== Exercise ==
You are asked to copy the entire listing exactly, apart from its pictures.

== Given material ==
-=-=-=-=-

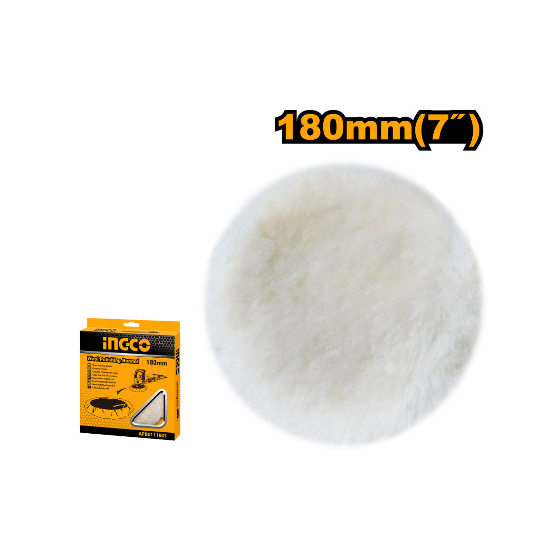 INGCO Wool Bonnet 180mm, Real Wool Polishing Pad with Drawstring Design
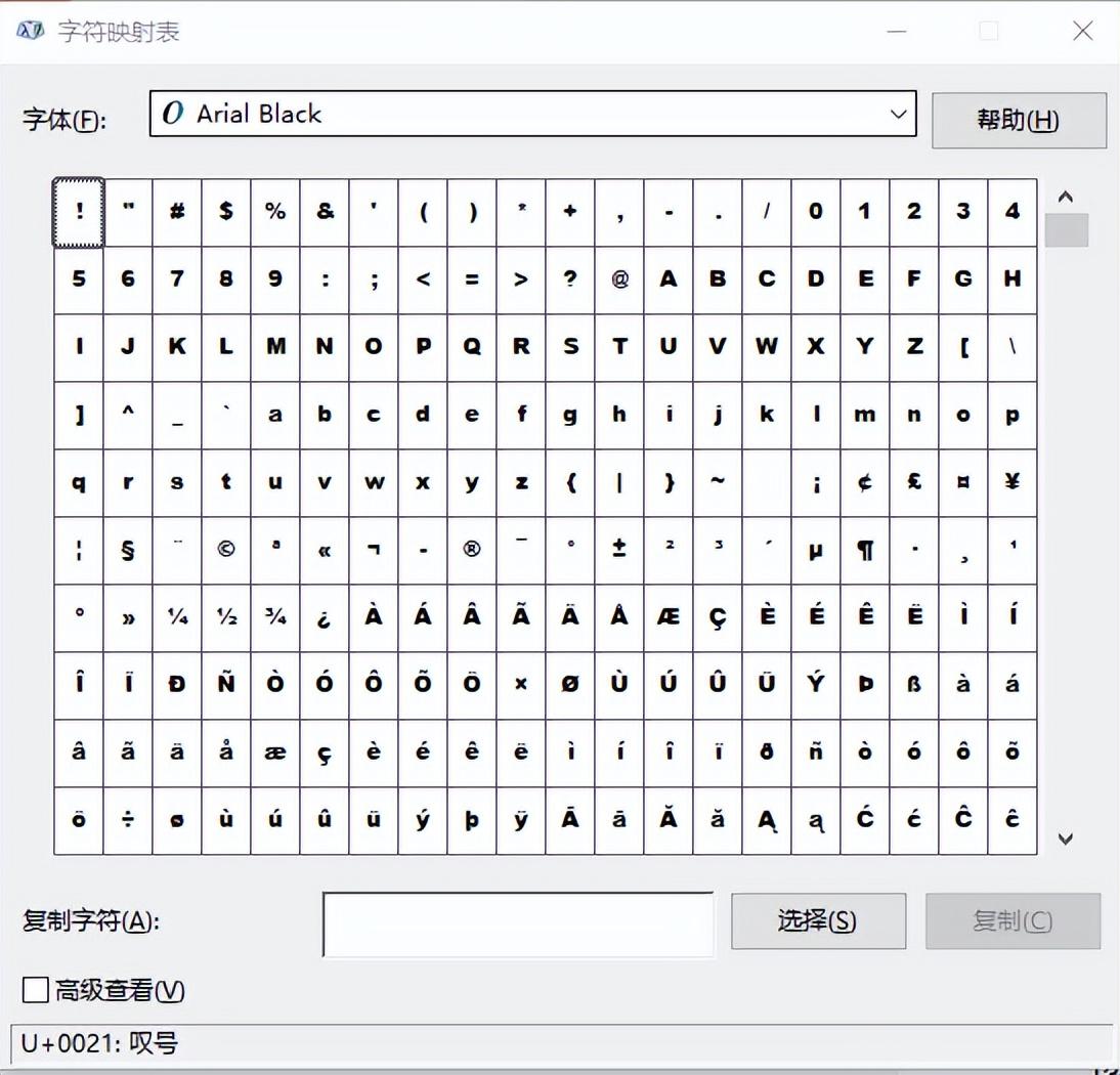 ©®这些符号怎么输入,运行窗口输入 charmap 就会打开字符选择的窗口。
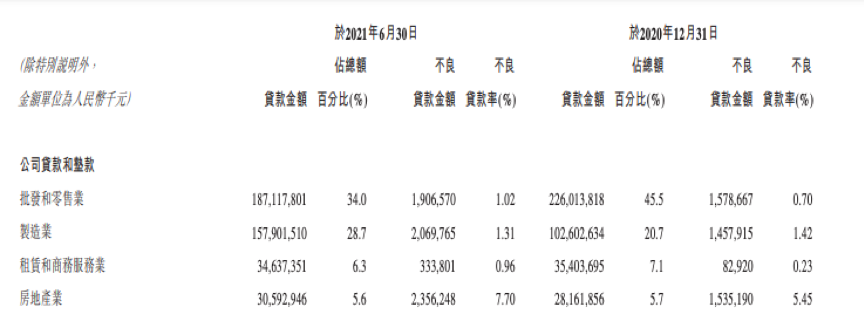 据半年报披露,锦州银行批发和零售、制造业、租赁和商务服务业、房地产等四类行业是其贷款和垫款最大组成部分,分别占比34%、28.7%、6.3%和5.6%。其中,房地产行业不良贷款率较高,为7.7%,较上年末上升2.25个百分点。
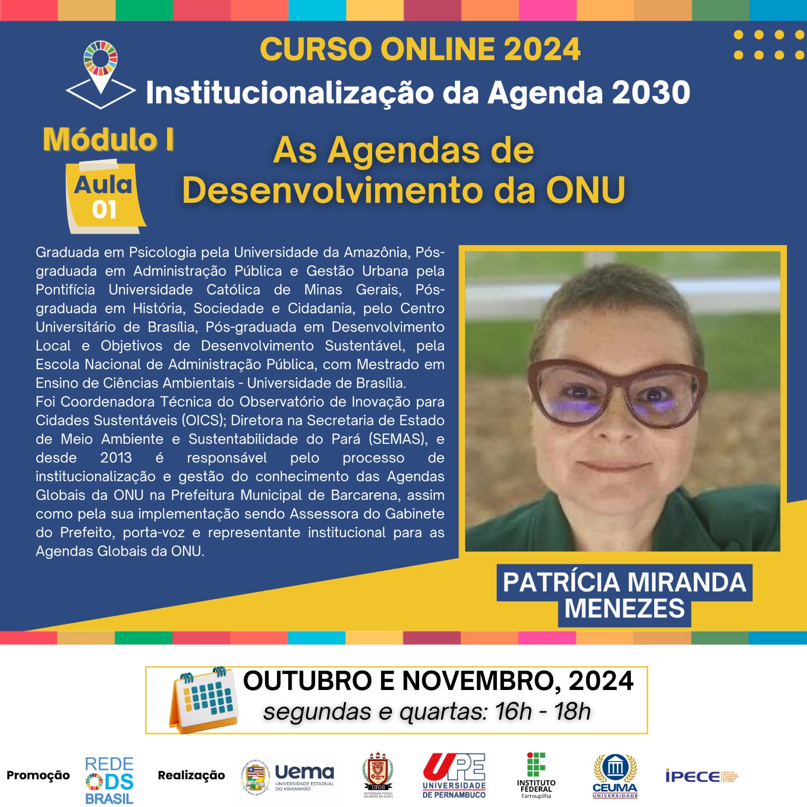 Professora: Patrícia Miranda Menezes. É psicóloga e mestre em Ensino de Ciências Ambientais pela Universidade de Brasília (UNB). Também possui especialização em Desenvolvimento Local e Objetivos de Desenvolvimento Sustentável pela Escola Nacional de Administração Pública (Enap). Atualmente é responsável pelo processo de institucionalização e gestão do conhecimento das Agendas Globais da ONU na Prefeitura Municipal de Barcarena (PA).

-=-=-=-=-

== Written solution ==
 INGCO Wool Bonnet 180mm, Real Wool Polishing Pad with Drawstring Design
 ©®这些符号怎么输入,运行窗口输入 charmap 就会打开字符选择的窗口。
 据半年报披露,锦州银行批发和零售、制造业、租赁和商务服务业、房地产等四类行业是其贷款和垫款最大组成部分,分别占比34%、28.7%、6.3%和5.6%。其中,房地产行业不良贷款率较高,为7.7%,较上年末上升2.25个百分点。
 Professora: Patrícia Miranda Menezes. É psicóloga e mestre em Ensino de Ciências Ambientais pela Universidade de Brasília (UNB). Também possui especialização em Desenvolvimento Local e Objetivos de Desenvolvimento Sustentável pela Escola Nacional de Administração Pública (Enap). Atualmente é responsável pelo processo de institucionalização e gestão do conhecimento das Agendas Globais da ONU na Prefeitura Municipal de Barcarena (PA).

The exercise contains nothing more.